1. Introduction
Systemic cancer treatment increasingly relies on targeted therapies designed to interfere with specific molecular pathways driving tumour growth and progression. These strategies include monoclonal antibodies directed against receptors or their ligands on the tumour cell surface, as well as small-molecule agents that act intracellularly. The latter group primarily consists of kinase inhibitors, particularly tyrosine kinase inhibitors (TKIs), which disrupt phosphorylation-dependent signalling processes essential for cell proliferation, angiogenesis, and survival. TKIs have become established therapeutic options in multiple malignancies and are now commonly applied in routine clinical practice [
1,
2]. Sunitinib is a multitargeted TKI that inhibits several receptor systems, including vascular endothelial growth factor receptors (VEGFRs) and platelet-derived growth factor receptors (PDGFRs).

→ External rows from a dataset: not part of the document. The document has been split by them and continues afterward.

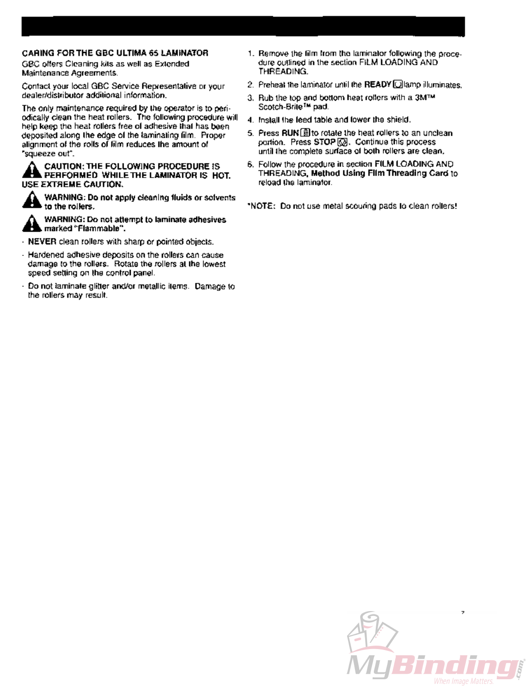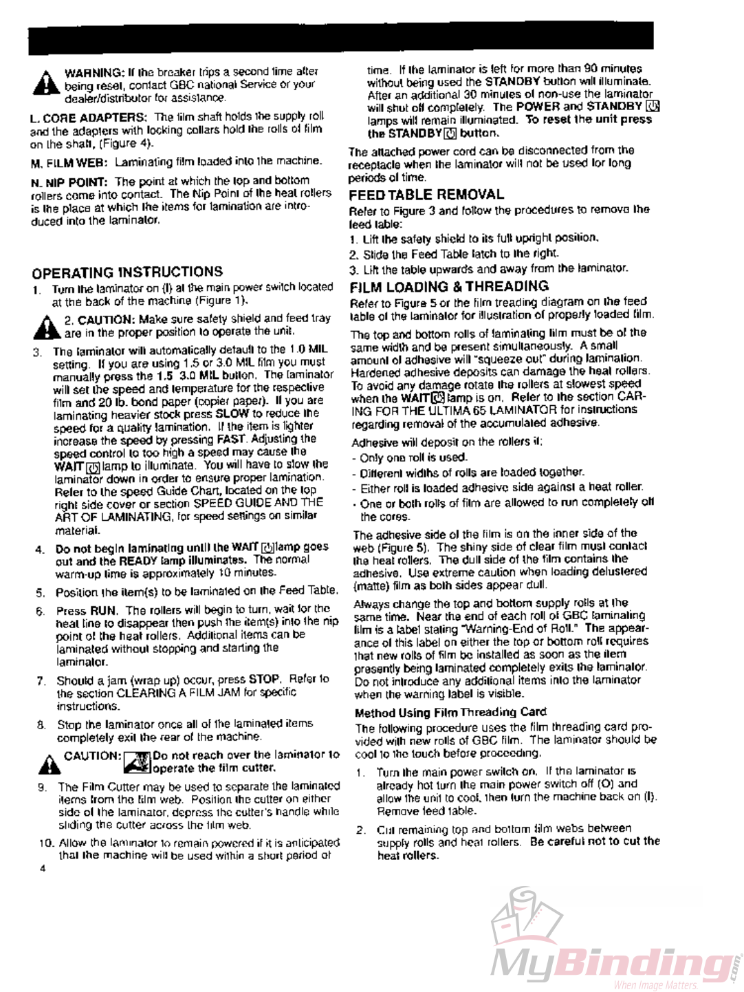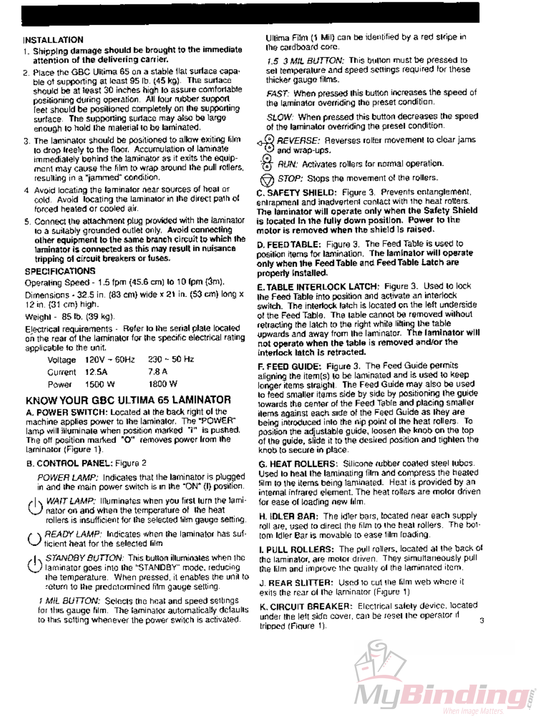 User Manual: MyBinding Gbc-Ultima-65-Operating-Instructions
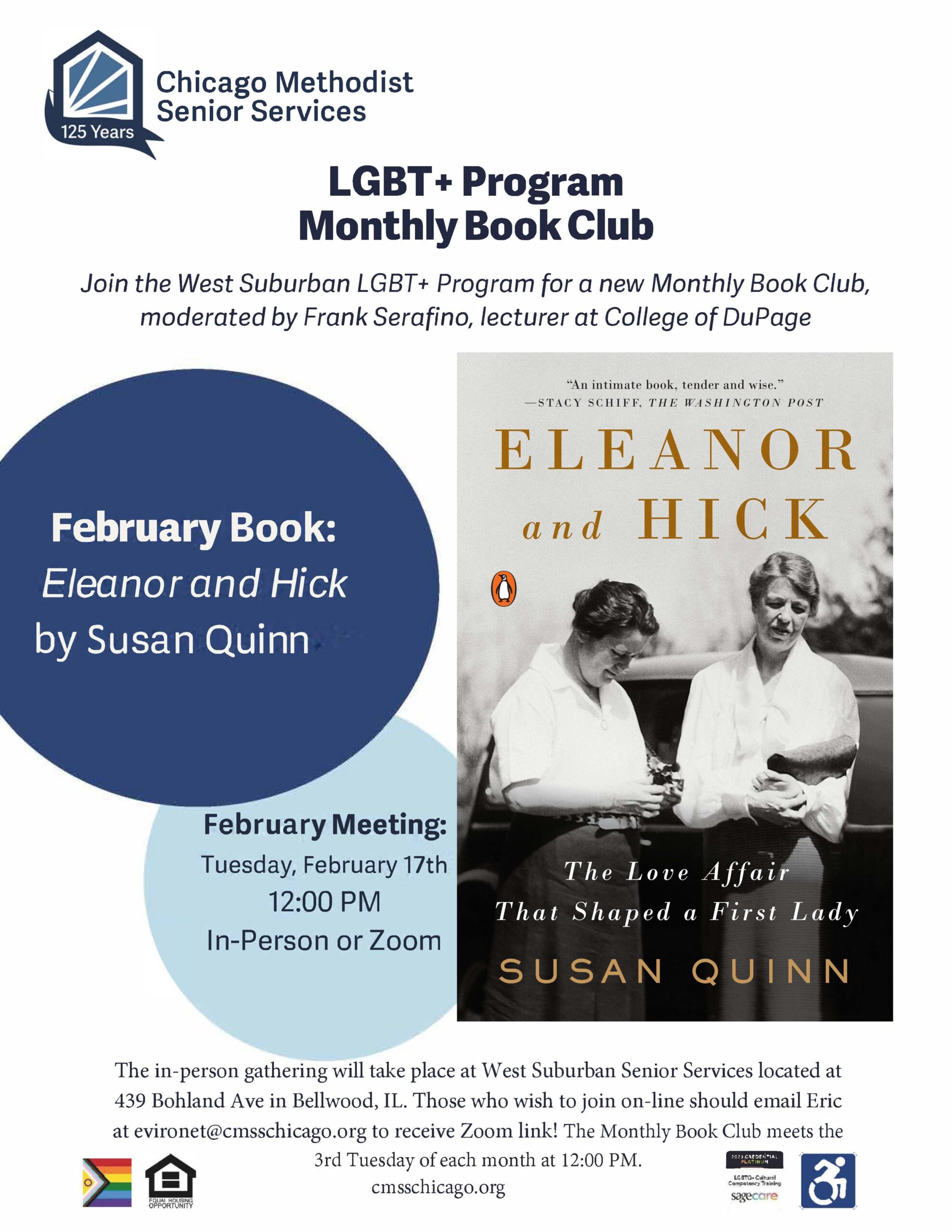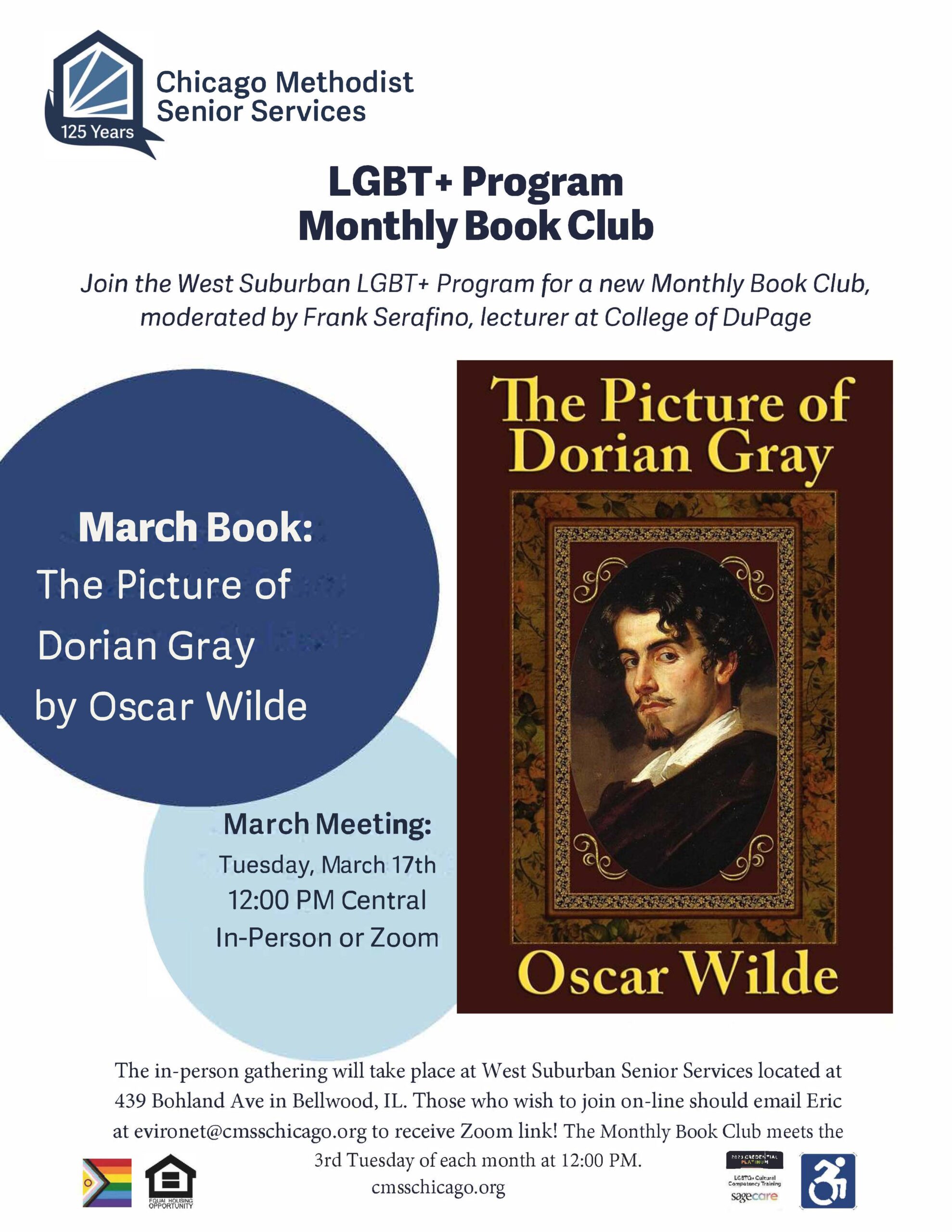 Join the West Suburban LGBT+ Program for a new Monthly Book Club, moderated by Frank Serafino, lecturer at College of DuPage. This is a HYRBID event with participants joining in-person and online.
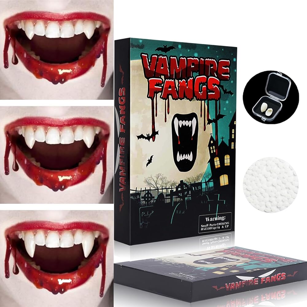 • التعبئة الفردية: يأتي كل زوج من أسنان مصاصي الدماء في صندوق صغير يسهل حمله وتخزينه. وهذا يضمن أيضًا إمكانية إعادة استخدام أنياب مصاصي الدماء عدة مرات.
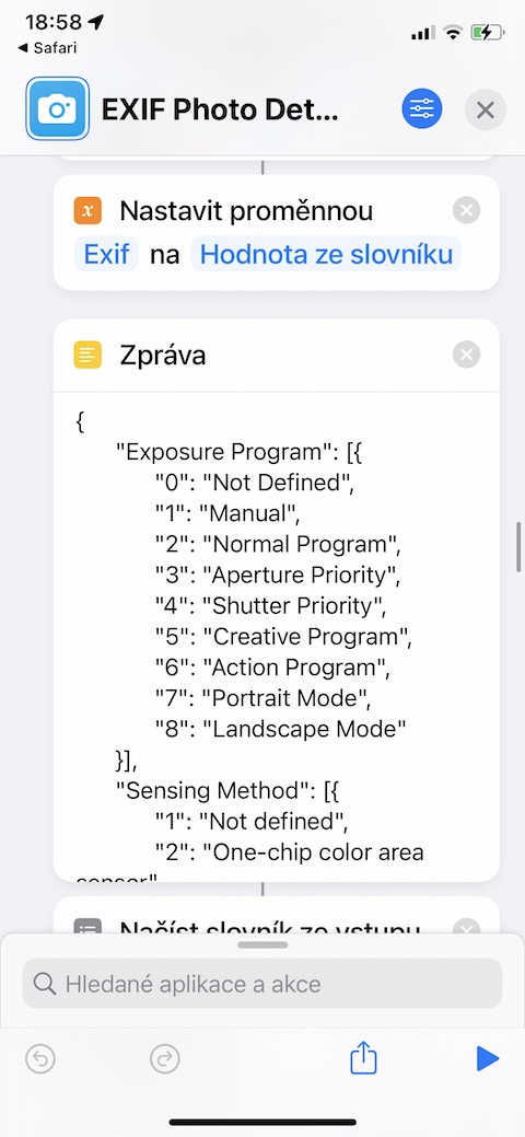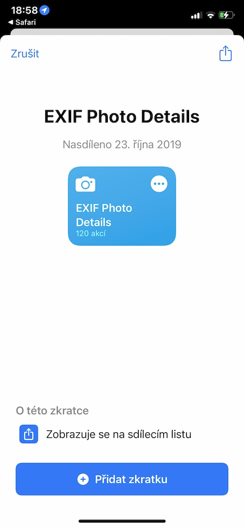 Pokud u libovolné fotografie na vašem iPhonu aktivujete s pomocí Siri nebo třeba z listu sdílení zkratku s názvem EXIF Photo Details, můžete snadno a rychle zjistit veškeré důležité údaje o příslušném snímku. Zkratka EXIF Photo Details vám prozradí, kdy a kde byla fotografie pořízena, s pomocí jaké techniky, a další detaily, které budou k danému snímku k dispozici.
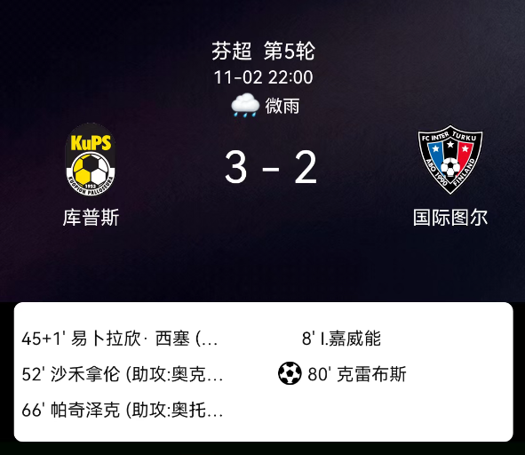 北京时间11月2日,芬兰足球超级联赛争冠组第5轮,库普斯主场对阵图尔库国际。第8分钟,耶尔维宁破门,图尔库国际1-0;上半场补时第1分钟,易卜拉欣-西塞破门,库普斯1-1;第52分钟,萨瓦莱宁破门,库普斯2-1;第66分钟,帕兹切克破门,库普斯3-1;第80分钟,克雷布斯点球破门,图尔库国际2-3。最终比分,库普斯3-2图尔库国际。
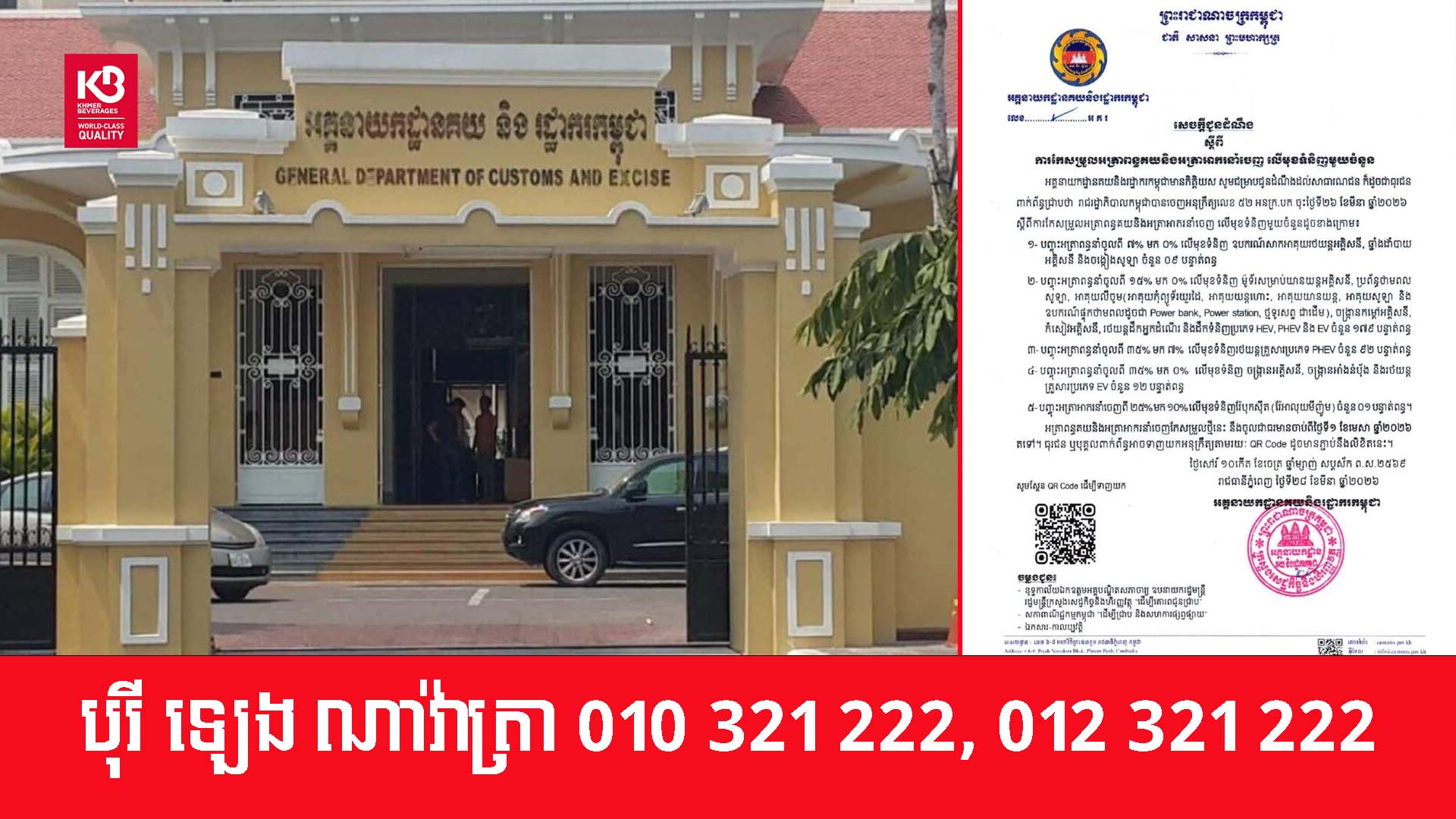 (ភ្នំពេញ)៖ យោងតាមអគ្គនាយកដ្ឋានគយនិងរដ្ឋករកម្ពុជា បានឱ្យដឹងថា រាជរដ្ឋាភិបាលកម្ពុជាបានចេញអនុក្រឹត្យលេខ ៥២ អនក្រ.បក ចុះថ្ងៃទី២៦ ខែមីនា ឆ្នាំ២០២៦ ស្តីពីការកែសម្រួលអត្រាពន្ធគយនិងអត្រាអាករនាំចេញ លើមុខទំនិញមួយចំនួនដូចខាងក្រោម៖

Through potent antiangiogenic activity, it reduces tumour vascularisation and progression, particularly in renal cell carcinoma, gastrointestinal stromal tumours, and pancreatic neuroendocrine tumours [
3]. However, this mechanism may also negatively affect thyroid vascular supply, promoting destructive inflammation, tissue atrophy, and permanent hypothyroidism. Recognition of thyroid dysfunction associated with TKIs has increased over the past two decades. The first case of sunitinib-induced hypothyroidism was described in 2005, followed by numerous reports confirming biochemical and clinical thyroid abnormalities in patients receiving TKIs [
4,
5]. Thyroid dysfunction may present as transient thyrotoxicosis, subclinical hypothyroidism, or overt and persistent disease requiring hormone replacement therapy. The incidence is considered highest during sunitinib treatment. Although the underlying mechanisms are not fully understood, proposed pathways include impaired thyroid microcirculation due to VEGFR/PDGFR inhibition, altered deiodinase activity affecting peripheral thyroid hormone metabolism, reduced thyroperoxidase function, disrupted iodine uptake, and potential dysregulation of the hypothalamic–pituitary–thyroid axis [
6,
7]. Clinically, thyroid dysfunction may follow a biphasic pattern, beginning with TSH fluctuations that later stabilise into persistent hypothyroidism. Symptoms such as fatigue, cold intolerance, cognitive slowing, and weight gain may be non-specific and easily misinterpreted as cancer-related fatigue or treatment toxicity. Regular thyroid function monitoring is therefore recommended both before initiation of sunitinib treatment and throughout therapy [
8]. Importantly, dysthyroidism rarely necessitates discontinuation of anticancer treatment. In most cases, appropriate levothyroxine replacement ensures restoration of euthyroidism and uninterrupted oncological management.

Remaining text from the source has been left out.